● **ASSIGNED TASK**
Read the data line by line and say how many lines contain the string "plastic", giving the number alone.

● **Entries taken from a collection**

==*==

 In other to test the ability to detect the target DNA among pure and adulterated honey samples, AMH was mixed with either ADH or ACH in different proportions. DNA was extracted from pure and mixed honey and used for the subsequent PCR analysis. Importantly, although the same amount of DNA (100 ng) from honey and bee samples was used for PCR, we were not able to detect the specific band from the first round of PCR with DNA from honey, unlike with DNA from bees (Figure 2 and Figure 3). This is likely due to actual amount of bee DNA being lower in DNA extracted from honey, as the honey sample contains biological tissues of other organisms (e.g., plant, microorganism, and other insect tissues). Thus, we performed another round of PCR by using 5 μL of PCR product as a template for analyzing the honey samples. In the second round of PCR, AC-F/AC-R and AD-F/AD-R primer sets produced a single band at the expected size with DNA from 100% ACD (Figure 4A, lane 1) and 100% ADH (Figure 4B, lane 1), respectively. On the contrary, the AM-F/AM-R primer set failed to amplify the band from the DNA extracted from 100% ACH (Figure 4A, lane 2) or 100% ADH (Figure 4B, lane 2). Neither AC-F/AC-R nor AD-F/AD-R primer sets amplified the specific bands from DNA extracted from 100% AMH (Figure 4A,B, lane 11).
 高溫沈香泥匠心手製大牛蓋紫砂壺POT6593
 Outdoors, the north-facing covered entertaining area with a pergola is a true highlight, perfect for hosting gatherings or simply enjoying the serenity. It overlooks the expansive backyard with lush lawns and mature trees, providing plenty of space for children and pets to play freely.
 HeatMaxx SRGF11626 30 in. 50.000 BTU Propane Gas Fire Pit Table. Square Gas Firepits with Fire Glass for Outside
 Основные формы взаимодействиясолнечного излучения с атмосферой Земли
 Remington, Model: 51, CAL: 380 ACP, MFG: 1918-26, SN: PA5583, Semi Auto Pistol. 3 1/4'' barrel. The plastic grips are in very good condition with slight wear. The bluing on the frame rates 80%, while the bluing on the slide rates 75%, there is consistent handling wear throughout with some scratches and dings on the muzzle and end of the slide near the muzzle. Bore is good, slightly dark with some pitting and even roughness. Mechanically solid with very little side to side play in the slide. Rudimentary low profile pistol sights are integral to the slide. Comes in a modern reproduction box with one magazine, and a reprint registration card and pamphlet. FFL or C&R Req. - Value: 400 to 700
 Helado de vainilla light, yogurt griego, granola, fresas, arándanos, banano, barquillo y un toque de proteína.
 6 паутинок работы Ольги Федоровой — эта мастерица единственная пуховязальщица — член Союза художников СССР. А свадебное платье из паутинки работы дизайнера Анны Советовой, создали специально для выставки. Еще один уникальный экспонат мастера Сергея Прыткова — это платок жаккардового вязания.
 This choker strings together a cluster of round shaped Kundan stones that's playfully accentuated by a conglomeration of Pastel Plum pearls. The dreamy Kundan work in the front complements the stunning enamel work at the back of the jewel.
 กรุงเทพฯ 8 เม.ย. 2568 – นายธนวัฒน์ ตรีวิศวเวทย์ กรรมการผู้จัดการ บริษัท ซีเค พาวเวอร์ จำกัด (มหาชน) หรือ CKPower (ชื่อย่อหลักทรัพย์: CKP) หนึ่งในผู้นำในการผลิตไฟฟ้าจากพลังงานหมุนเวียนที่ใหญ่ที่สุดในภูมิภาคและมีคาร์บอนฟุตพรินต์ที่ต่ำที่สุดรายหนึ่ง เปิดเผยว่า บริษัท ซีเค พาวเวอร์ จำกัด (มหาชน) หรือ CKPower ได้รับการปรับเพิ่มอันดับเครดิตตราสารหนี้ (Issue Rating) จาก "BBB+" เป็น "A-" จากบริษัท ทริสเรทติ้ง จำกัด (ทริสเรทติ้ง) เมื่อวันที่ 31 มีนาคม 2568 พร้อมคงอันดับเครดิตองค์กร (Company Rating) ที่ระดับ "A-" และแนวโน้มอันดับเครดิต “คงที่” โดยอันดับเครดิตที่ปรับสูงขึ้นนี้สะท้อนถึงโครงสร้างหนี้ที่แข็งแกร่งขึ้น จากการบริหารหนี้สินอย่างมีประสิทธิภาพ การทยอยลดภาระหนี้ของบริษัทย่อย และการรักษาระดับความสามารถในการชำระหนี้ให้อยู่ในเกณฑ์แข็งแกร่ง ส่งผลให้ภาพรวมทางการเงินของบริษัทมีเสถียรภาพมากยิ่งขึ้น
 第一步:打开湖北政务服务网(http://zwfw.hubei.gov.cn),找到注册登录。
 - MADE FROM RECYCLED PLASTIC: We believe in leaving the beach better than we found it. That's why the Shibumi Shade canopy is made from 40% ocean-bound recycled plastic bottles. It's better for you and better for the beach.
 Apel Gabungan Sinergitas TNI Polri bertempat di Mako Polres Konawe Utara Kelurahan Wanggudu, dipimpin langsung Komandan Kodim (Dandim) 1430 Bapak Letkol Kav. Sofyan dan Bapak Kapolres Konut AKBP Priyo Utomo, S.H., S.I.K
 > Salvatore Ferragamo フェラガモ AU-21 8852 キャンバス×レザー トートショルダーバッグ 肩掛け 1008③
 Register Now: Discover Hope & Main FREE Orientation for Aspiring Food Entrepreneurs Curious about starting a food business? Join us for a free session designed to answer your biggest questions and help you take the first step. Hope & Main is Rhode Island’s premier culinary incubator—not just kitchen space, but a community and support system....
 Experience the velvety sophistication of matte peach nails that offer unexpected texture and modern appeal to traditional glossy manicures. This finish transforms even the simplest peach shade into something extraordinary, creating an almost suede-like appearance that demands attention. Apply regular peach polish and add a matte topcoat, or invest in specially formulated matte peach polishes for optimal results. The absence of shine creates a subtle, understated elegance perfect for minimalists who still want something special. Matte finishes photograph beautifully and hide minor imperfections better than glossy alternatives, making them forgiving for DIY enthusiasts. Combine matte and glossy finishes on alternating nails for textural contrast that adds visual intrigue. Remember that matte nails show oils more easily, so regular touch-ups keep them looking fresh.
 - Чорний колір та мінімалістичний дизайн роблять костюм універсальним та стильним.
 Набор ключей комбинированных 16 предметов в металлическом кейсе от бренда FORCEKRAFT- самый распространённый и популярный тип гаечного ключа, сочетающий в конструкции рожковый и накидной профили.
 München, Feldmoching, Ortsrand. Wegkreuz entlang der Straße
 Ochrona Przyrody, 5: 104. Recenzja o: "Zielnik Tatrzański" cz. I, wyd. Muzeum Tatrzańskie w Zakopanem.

==*==

● **RESPONSE BELOW**
2